Замолчал он, не с силах больше произнести ни слова от обиды и жалости к погибшим. Долго и тихо потом сидели трое у костра, смотрели на огонь недвижными взорами, пока совсем не стемнело и не пришлось ложиться спать.
Глава сорок первая
Рано наступила осень. Студеные шальные ветры нагнали пепельные тяжелые тучи, которые так плотно и надолго закрыли доступ к земле солнечного тепла, что люди вынуждены были облачиться в меховые одежды.
Ставка ханши, как большой беспокойный улей, снялась со своего насиженного места и откочевала на привольные зимние пастбища, к Крыму. Как всегда, за ставкой откочевал и аул Джани.
Михаил с Косткой и Терехой рассудили так: раз им путь на Русь пока заказан, лучше перезимовать в Орде, а весной, по теплому солнышку и молодой травке, отправиться на отчизну. Как ни хотелось им ехать в Московию, как ни болело сердце и душа по родным местам, а все же пришлось последовать вместе со всеми в Крымские степи.
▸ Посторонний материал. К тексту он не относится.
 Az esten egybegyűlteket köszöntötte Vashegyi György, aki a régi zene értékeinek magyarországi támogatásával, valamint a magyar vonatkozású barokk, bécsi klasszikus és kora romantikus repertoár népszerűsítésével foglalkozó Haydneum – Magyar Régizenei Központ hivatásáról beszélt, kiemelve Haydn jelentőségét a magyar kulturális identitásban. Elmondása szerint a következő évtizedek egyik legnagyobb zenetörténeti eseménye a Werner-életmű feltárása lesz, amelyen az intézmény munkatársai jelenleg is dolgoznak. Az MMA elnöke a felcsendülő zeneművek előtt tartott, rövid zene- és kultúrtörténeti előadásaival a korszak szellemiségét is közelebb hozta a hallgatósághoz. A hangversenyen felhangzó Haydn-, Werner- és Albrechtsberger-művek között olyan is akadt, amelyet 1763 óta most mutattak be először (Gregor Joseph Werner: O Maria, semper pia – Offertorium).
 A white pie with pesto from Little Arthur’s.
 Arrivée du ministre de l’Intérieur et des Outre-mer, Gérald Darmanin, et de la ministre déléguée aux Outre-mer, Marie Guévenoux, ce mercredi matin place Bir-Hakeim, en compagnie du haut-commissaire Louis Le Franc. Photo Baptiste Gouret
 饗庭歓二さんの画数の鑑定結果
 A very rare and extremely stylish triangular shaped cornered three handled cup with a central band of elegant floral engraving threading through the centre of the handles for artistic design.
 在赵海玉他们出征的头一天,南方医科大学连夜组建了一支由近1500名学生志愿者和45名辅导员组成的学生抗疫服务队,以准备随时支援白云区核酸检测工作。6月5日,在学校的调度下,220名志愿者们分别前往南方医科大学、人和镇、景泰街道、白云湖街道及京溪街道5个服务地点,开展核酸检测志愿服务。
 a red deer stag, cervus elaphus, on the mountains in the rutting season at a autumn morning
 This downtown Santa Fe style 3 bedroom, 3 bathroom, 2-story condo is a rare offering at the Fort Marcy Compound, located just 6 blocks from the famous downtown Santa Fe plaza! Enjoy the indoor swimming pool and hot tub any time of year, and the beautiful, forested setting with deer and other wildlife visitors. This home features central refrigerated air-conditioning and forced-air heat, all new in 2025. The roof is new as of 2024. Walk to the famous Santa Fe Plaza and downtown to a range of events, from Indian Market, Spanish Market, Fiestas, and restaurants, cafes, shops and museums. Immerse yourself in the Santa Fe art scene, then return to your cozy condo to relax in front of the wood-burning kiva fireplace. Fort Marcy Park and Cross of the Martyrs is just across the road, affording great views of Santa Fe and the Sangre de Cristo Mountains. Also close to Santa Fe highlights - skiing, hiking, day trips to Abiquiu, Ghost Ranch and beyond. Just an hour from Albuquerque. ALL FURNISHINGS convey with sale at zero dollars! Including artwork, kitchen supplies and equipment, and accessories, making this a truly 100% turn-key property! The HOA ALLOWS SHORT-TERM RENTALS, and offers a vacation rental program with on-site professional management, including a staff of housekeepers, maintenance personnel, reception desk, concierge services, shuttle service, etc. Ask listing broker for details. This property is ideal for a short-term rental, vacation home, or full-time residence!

Несколько месяцев прожили без происшествий: не хорошо и не плохо, но в феврале, когда снег уже стаял, а небо выгнулось высоким ярко-голубым куполом, с Михаилом случилась беда. Купил он себе рослого молодого жеребца вороной масти, настоящего карабаира, и решил сам объездить его, чтобы тот скорее привык к хозяину. Однако жеребец оказался дик и своенравен, не желал подчиняться чужой воле. Сколько бы Михаил ни забирался ему на спину, непременно сбрасывал его наземь. Такого ещё с Ознобишиным никогда не бывало. Он считал себя хорошим наездником и от этой неудачи совсем растерялся и не мог найти себе покоя от стыда и злости.
Несколько дней человек и зверь боролись друг с другом, и никто из них не хотел уступать. Оба горячились и злились одновременно. Вместе с тем Михаил не мог не восхищаться силой и красотой молодого коня, гордился им и был доволен, что не пожалел денег за такого скакуна. Ему, конечно, следовало бы потерпеть, дать карабаиру время привыкнуть к узде и людям, а он торопился и допускал одну оплошность за другой.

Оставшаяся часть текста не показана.